Guardians Without Uniforms
What sets Menar apart is not just the species count, but the people. Menar’s residents have become the wetland’s most vigilant stewards. Once dependent on these waters for cattle and crops, the villagers now speak of the birds as kin.
“When we look at birds here, we don’t just see creatures of the wild. We see neighbors,” says Shankar Lal Menariya, a former sarpanch.
There’s no formal patrolling, no NGO-funded eco-tourism projects, no walls. Just a shared ethic: no hunting, no fishing, no pollution. Violating this unwritten pact brings not just legal trouble but also social backlash, a powerful deterrent in close-knit rural India.
Culture Meets Conservation
Walk through Menar, and you’ll find birds etched into temple walls, painted on homes, and fluttering through school curriculums. Bird names roll off the tongues of children, farmers, and shopkeepers alike.
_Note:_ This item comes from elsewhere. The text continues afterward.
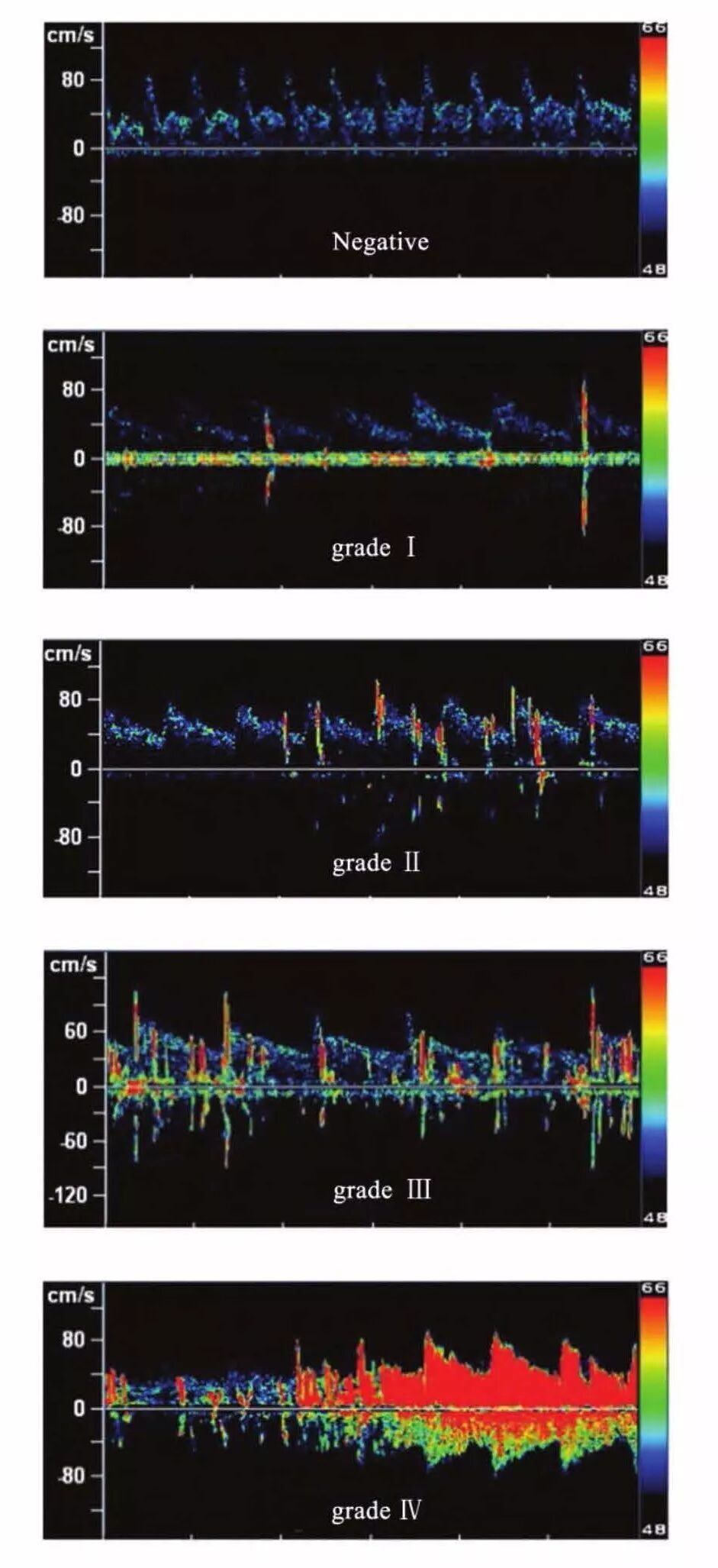 所有研究對象的RLS的診斷及分流量由1名神經(jīng)內(nèi)科醫(yī)師和1名TCD技術員共同判斷,且他們對研究對象的診斷分組不知情。RLS分流量的分級辦法是根據(jù)吉林大學第一醫(yī)院邢英琦等提出的5級分級法[4]:①無分流:0個微泡信號;②Ⅰ級分流:1~10個微泡信號,即小量分流;③Ⅱ級分流:11~25個微泡信號,即中量分流;④Ⅲ級分流:大量分流,>25個微泡信號但未形成雨簾狀;⑤Ⅳ級分流:雨簾狀大量分流,無法精確計算的大量微泡信號(見圖2)。RLS的分型:①固有型:靜息狀態(tài)下就能檢測到微泡信號;②潛在型:靜息狀態(tài)下無微泡信號,Valsalva動作后才能檢測到微泡信號。

Evening tea often comes with a casual checklist of recent sightings, storks, spoonbills, or perhaps a rare falcon. Local teacher Darshan Menariya maintains an informal but widely referenced bird record that’s now consulted by professional researchers.
When Progress Threatens Peace
However, all is not tranquil. A recent proposal to build a 765 KV sub-grid power station near the Kheroda wetlands, part of the same ecosystem, has sparked protests. Villagers fear this could disrupt migratory patterns and undo years of silent labor.
“This isn’t resistance to development. It’s resistance to destruction,” says Darshan. “Development must include the birds too.”
A Model for the Nation
In a country where wetlands vanish under concrete, and bird habitats are sacrificed for highways, Menar offers a different vision. Here, conservation isn’t outsourced to policy or privilege. It’s embedded in daily life.
The success of Menar challenges the idea that only large-scale funding, bureaucratic interventions, or fenced-off sanctuaries can protect nature. Sometimes, all it takes is awareness, restraint, and a refusal to treat nature as expendable.
Wings of Hope
As mustard fields bloom and silhouettes glide across the evening sun, Menar whispers a powerful truth: the survival of India’s biodiversity may lie less in policy documents and more in rural courtyards, where respect is still stronger than regulation.
In Menar, birds don’t just pass through. They return again and again to a promise kept by a people who understand that harmony isn’t a slogan; it’s a way of life.
And here, under the vast Rajasthani sky, wings still rise, not in fear, but in peace.